Record tax increase kicks in Monday; cigarettes skyrocket in price

By Don Davis / Capitol Bureau ST. PAUL -- Minnesota's two-year budget begins Monday, with more than $2 billion in new taxes to help fund programs ranging from education to local government aid to nursing homes. To provide new funding, as well as ...

By Don Davis / Capitol Bureau

ST. PAUL -- Minnesota’s two-year budget begins Monday, with more than $2 billion in new taxes to help fund programs ranging from education to local government aid to nursing homes.

To provide new funding, as well as plugging a $627 million budget deficit, taxes are headed up on couples who earn more than $250,000 in taxable income, cigarette smokers, some online customers and some businesses.

The record-large tax increase, which bumps state spending up to $38 billion, is an issue in the 2014 campaigns that already are beginning, but since Democrats control the Legislature and governor’s office, they had their way on the budget this year.

The biggest revenue raiser comes from upping the income tax rate on the best earners 2 points, to 9.85 percent. That applies to couples with $250,000 annual incomes and individuals making at least $150,000.


The new fourth income tax tier provides more than half of the new revenue.

At the other end of the income spectrum, low earners are expected to pay the brunt of a $400 million tobacco tax increase. For cigarette smokers, that means paying $2.83 in state taxes per pack, up from $1.23.

Many of the other tax increases will be on businesses, especially eliminating what some call “loopholes” that gave some companies tax benefits.

Democrats say the new taxes make for a fairer system.

“After a decade of budget deficits, gimmicks and all-cuts budgets that have left working families struggling, we delivered an honest solution to fund Minnesota’s priorities and close the $627 million budget deficit,” Rep. JoAnn Ward, DFL-Woodbury, told constituents in a newsletter after the legislative session ended May 20. “Our budget puts an end to one-time money and accounting shifts to put our state on stable financial footing into the future and to make much-needed investments in education and job creation.”

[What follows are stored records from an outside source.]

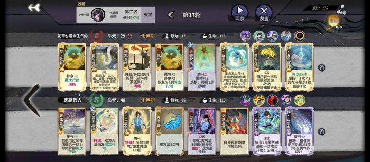 战绩代码:gma9t372sr请教一下大佬们,第14轮和第16轮,第14轮博弈失败,对面上了困仙,复盘看着对面摆牌倒是能解,那如果是对局要怎么博弈?第16轮主要是金水这一套可以打得过吗?怎么打?流转梦聚炎和合八荒后手,流转暗香和燎原并随机到先手这两套都可以。对局时不知道怎么没选大好局势犯蠢了
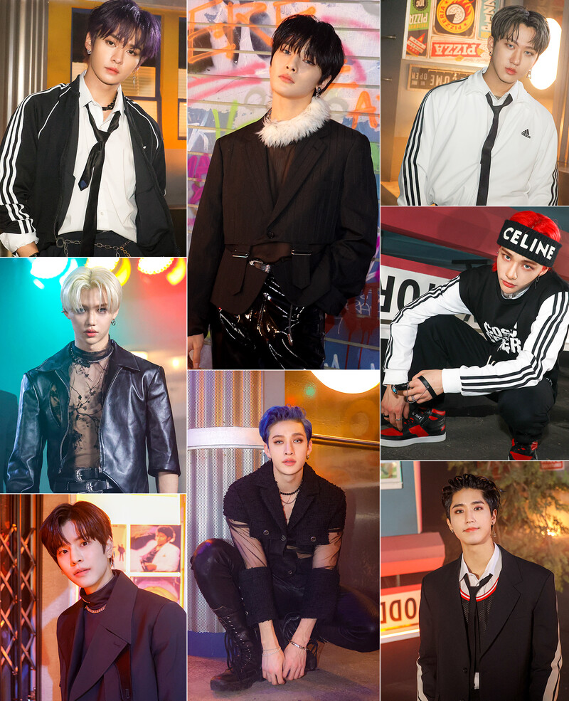 These photos, provided by JYP Entertainment, show the behind-the-scenes photos of K-pop boy group Stray Kids in their music video of the title song "MANIAC." The group released their new EP "ODDINARY" on March 18, 2022.
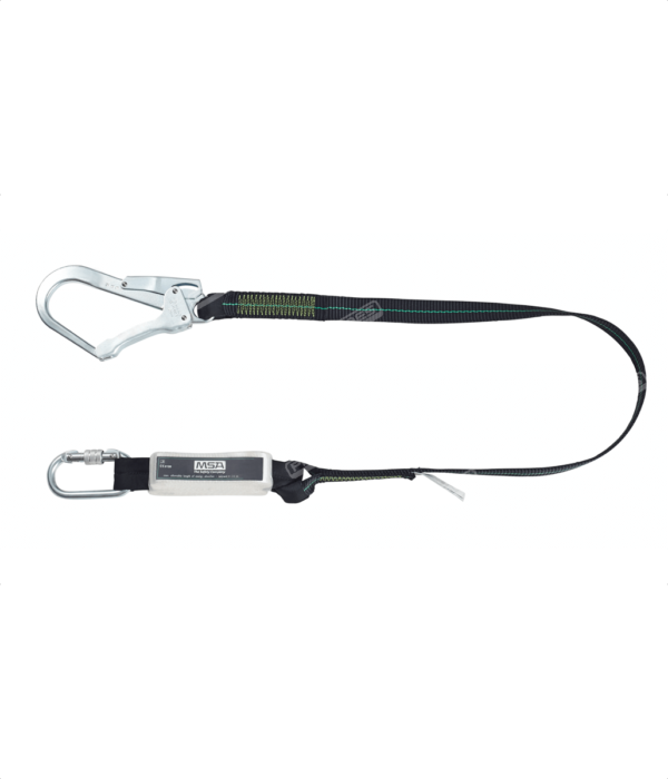 Lina z amortyzatorem 1,5m, taśma pojedyncza, stalowy karabinek zakręcany, stalowy hak do rusztowania
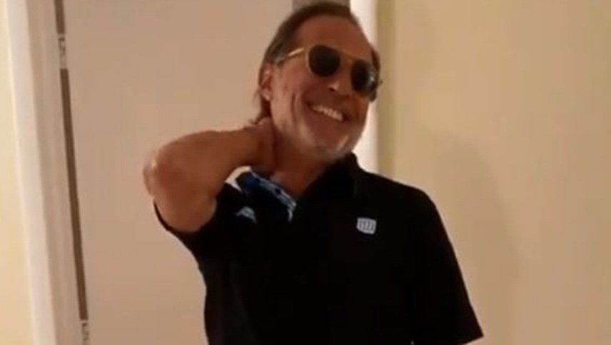 Apareció de bermudas y con una chomba de Racing y así recreó una escena de Extermineitors 3.
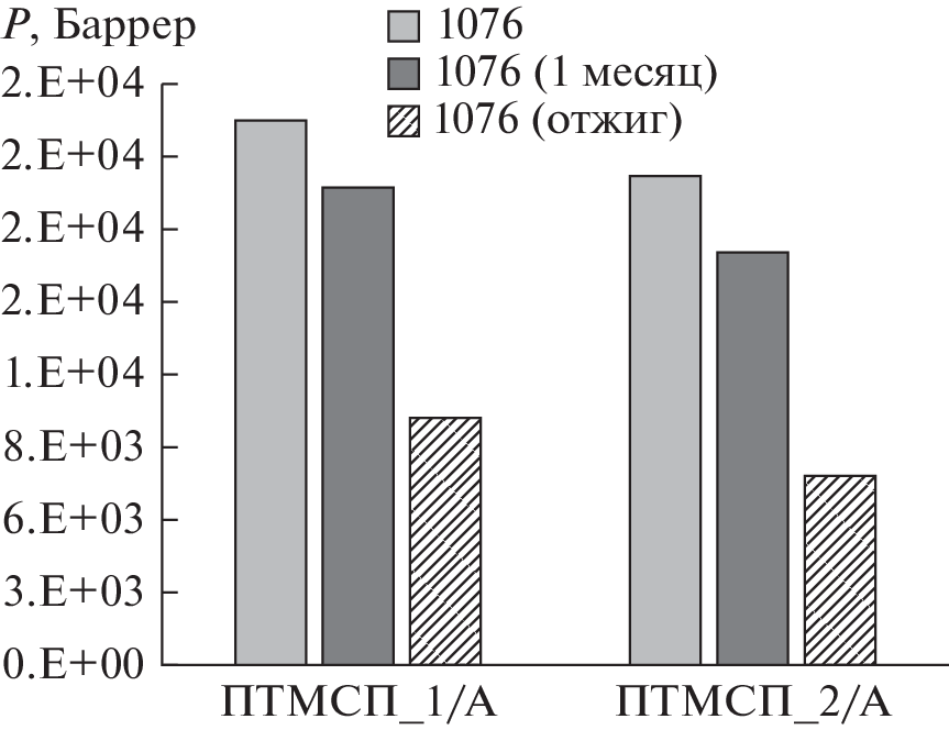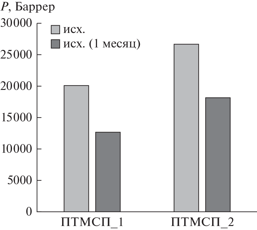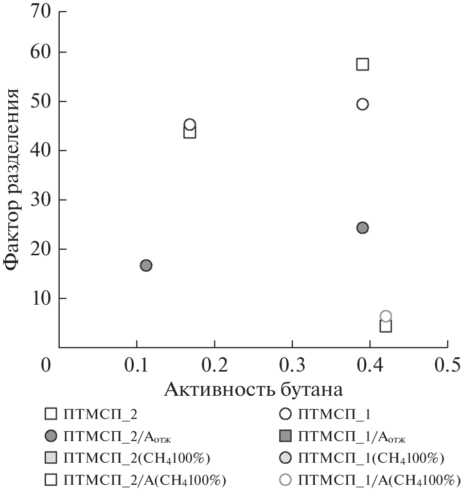 В настоящей работе впервые проведено исследование проницаемости индивидуальных низших углеводородов и в смеси С1/С4 для пленок на основе ПТМСП нового цис-обогащенного конфигурационного состава (содержание цис-звеньев в образцах составило 80 и 90%). Проницаемость по метану свежеприготовленных и выдержанных на воздухе в течение месяца пленок цис-регулярного ПТМСП (90% цис-звеньев) выше соответствующих значений пленок ПТМСП с содержанием цис-звеньев 80%. Данные РСА указывают на более рыхлую упаковку цис-регулярного ПТМСП. Введение антиоксиданта Irganox 1076 в пленки ПТМСП приводит к снижению начального уровня потока метана. В то же время проницаемость пленок с добавлением Irganox 1076 во времени (в течение 1 мес.) значительно медленнее снижается по сравнению с пленками без добавления антиоксиданта. Проницаемость индивидуальных низших углеводородов через пленки ПТМСП без и с добавлением Irganox 1076 возрастает в ряду С1 < C2 < C3 < C4. Значение фактора разделения в смеси н-бутан/метан достигает 33, что почти в 7 раз выше селективности для индивидуальных компонентов. Высокий уровень проницаемости н-бутана цис-обогащенных ПТМСП сохраняется минимум в течение месяца хранения пленок на воздухе.
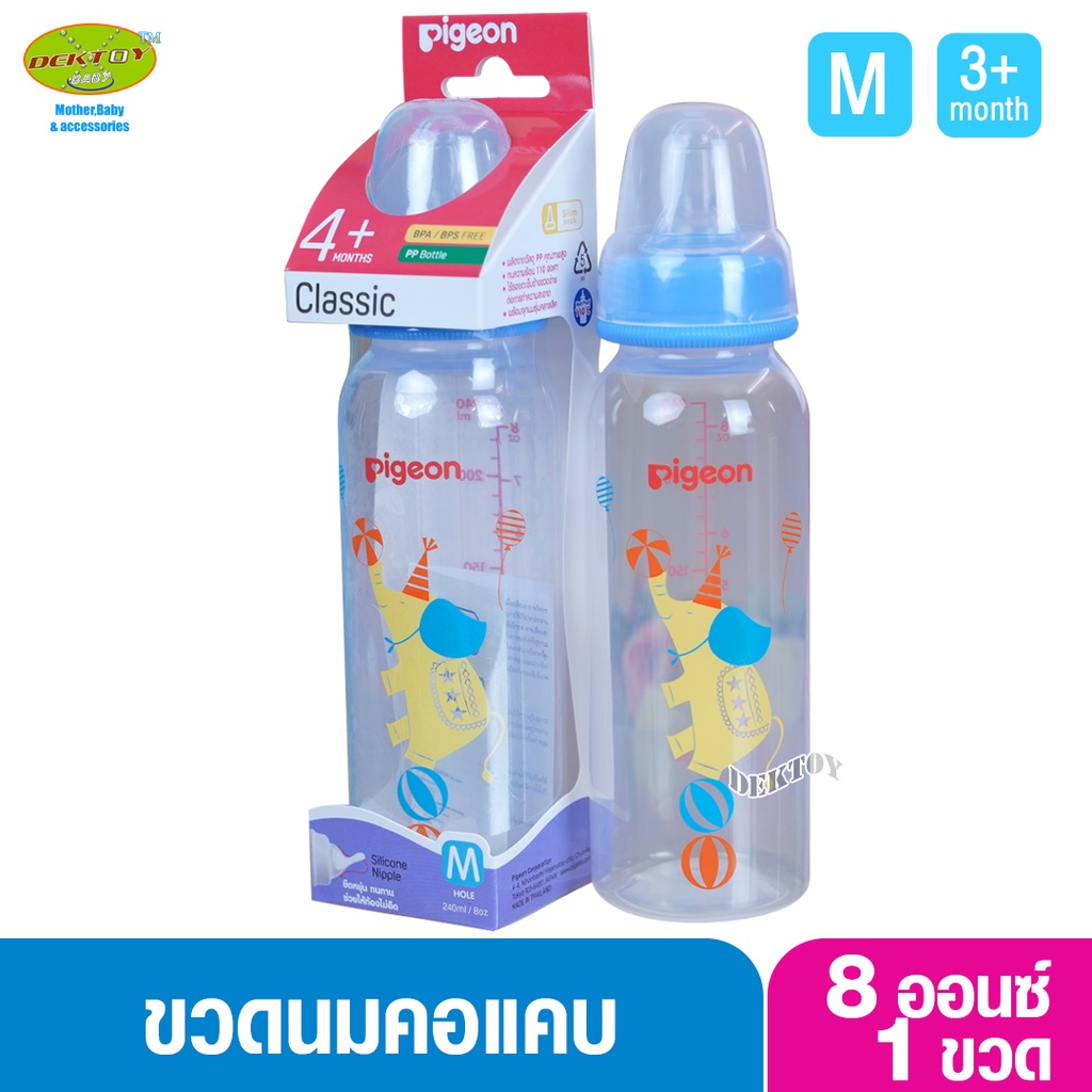 1 ขวด Pigeon พีเจ้น ขวดนมคอมาตรฐาน RPP เซอคัส 8ออนซ์ มาพร้อมจุกคลาสสิค M
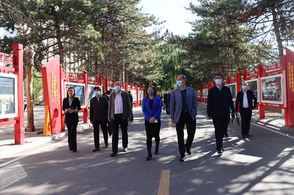 调研组一行参观了学校民族团结进步文化长廊、民族团结进步创建工作展板和时代楷模宣传栏,并实地了解了自治区四部委铸牢中华民族共同体意识研究基地和国家民委“一带一路”沿线“汉译学”研究中心的建设情况。
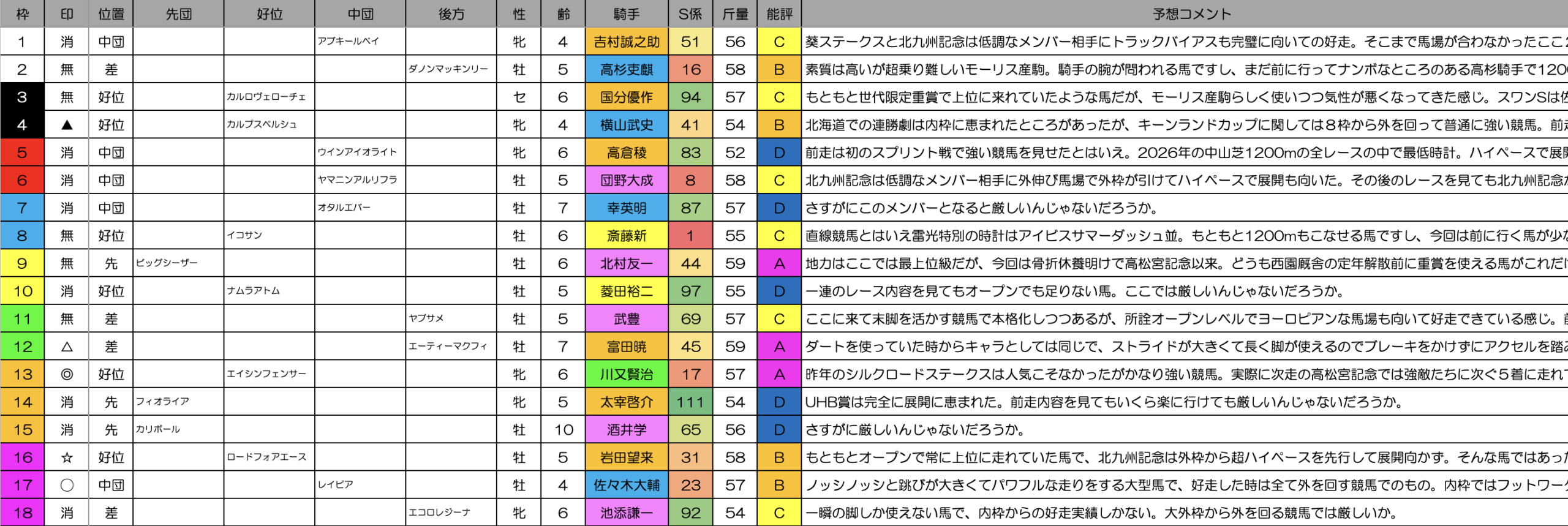 シルクロードステークス2026(京都芝1200m)のレース予想です。
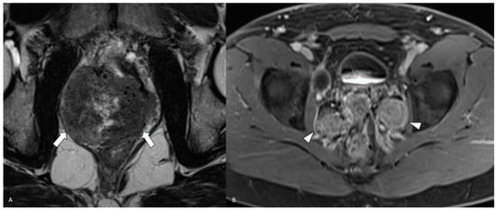 MRI of the pelvis: (A) axial T2 demonstrates a large heterogeneously hypointense lesion in the prostatic bed (white arrows). (B) Axial contrast-enhanced T1 fat-saturated sequence shows bilateral pelvic adenopathy (white arrowheads).
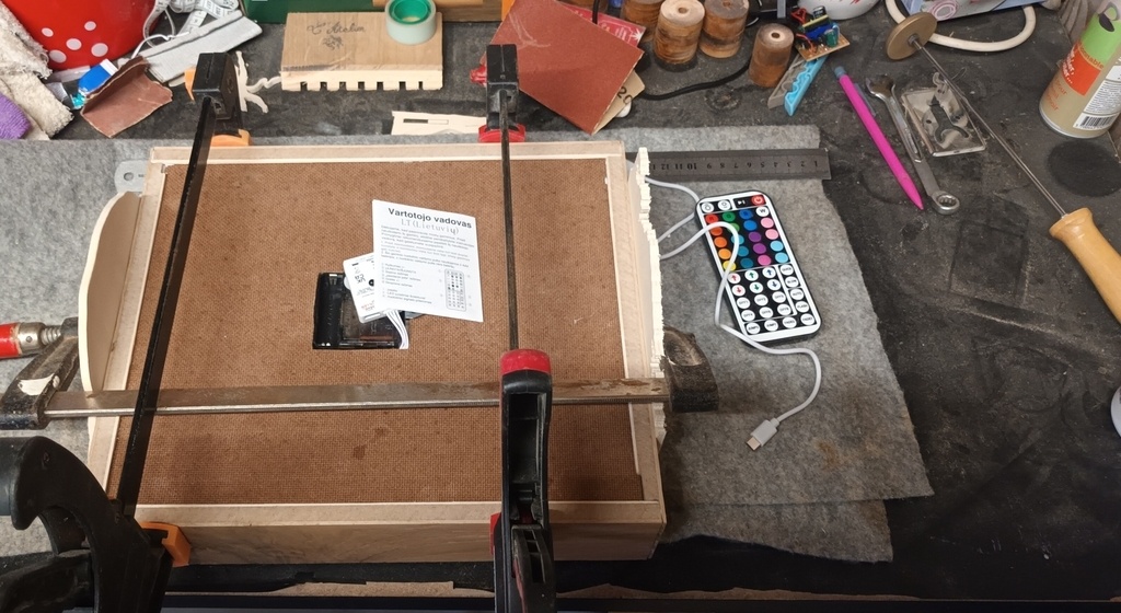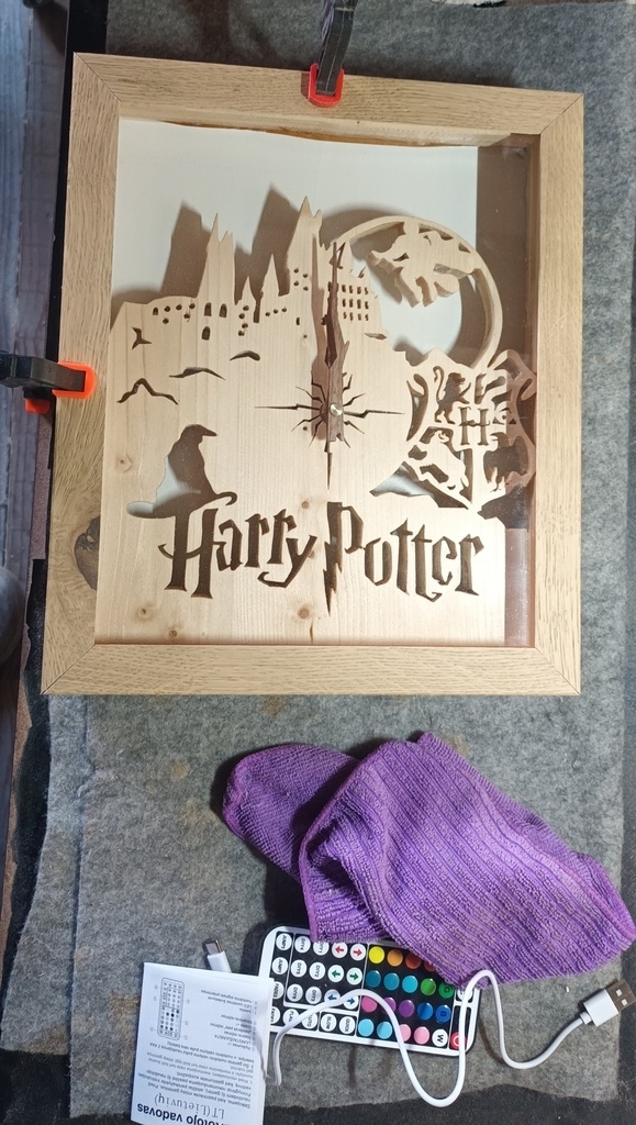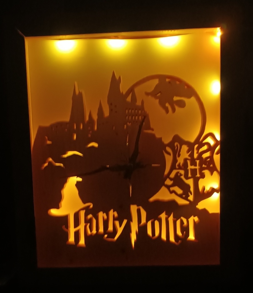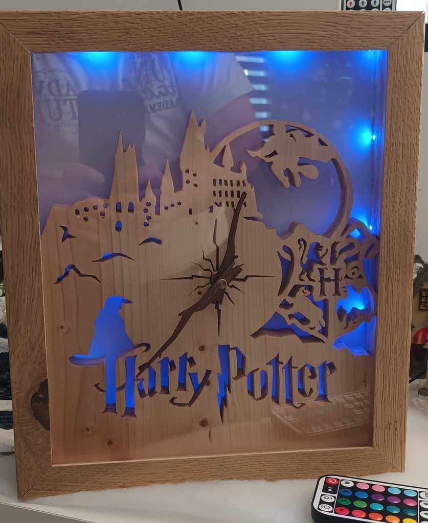 Réalisation d'une horloge murale Harry Potter, peut également être posée. Éclairage avec un ruban adhésif de leds avec une télécommande.

More money was needed for some state priorities, Rep. Joe Radinovich, DFL-Crosby argued. “Our budget keeps our promises we made and invests in priorities that Minnesotans broadly share and support: education, job creation and middle-class property tax relief.”

However, Republicans say all Minnesotans needlessly will pay higher taxes.

“Rather than creating a more effective government, Democrats created a more wasteful, inefficient government with almost no accountability, fewer standards and less opportunity ...” said Sen. Bill Ingebrigtsen, R-Alexandria. “Hardworking taxpayers will lose more of their paychecks in order to fund more inefficient government programs.”


Revenue Commissioner Myron Frans said taxes will be collected on audio and video downloads from the Internet, things such as movies, music, books, greeting cards and games. Online retailers that have a Minnesota connection also must collect taxes, but some businesses such as Amazon are working to sever Minnesota ties so they are not forced to charge sales tax.

A new state gift tax will be collected. For instance, if a parent gives a child more than $14,000 in a year, that will be taxed, Frans said.

Also this year, counties statewide may begin to levy a “wheelage tax,” a charge for each vehicle. The tax had only been allowed in the Twin Cities area.

Tax savings also are set.

For instance, with cities and counties becoming exempt from paying sales tax on purchases, supporters say enough money will be saved to freeze property tax levies. However, the Legislature did not enact a property tax freeze.

Also designed to help property tax rates remain in check is a relief package that allows more Minnesotans to be eligible for tax refunds.

One of the biggest tax-relief provisions, Democrats contend, is an increase to aid the state pays to schools, counties, townships and cities. That is designed to reduce the need to increase property taxes.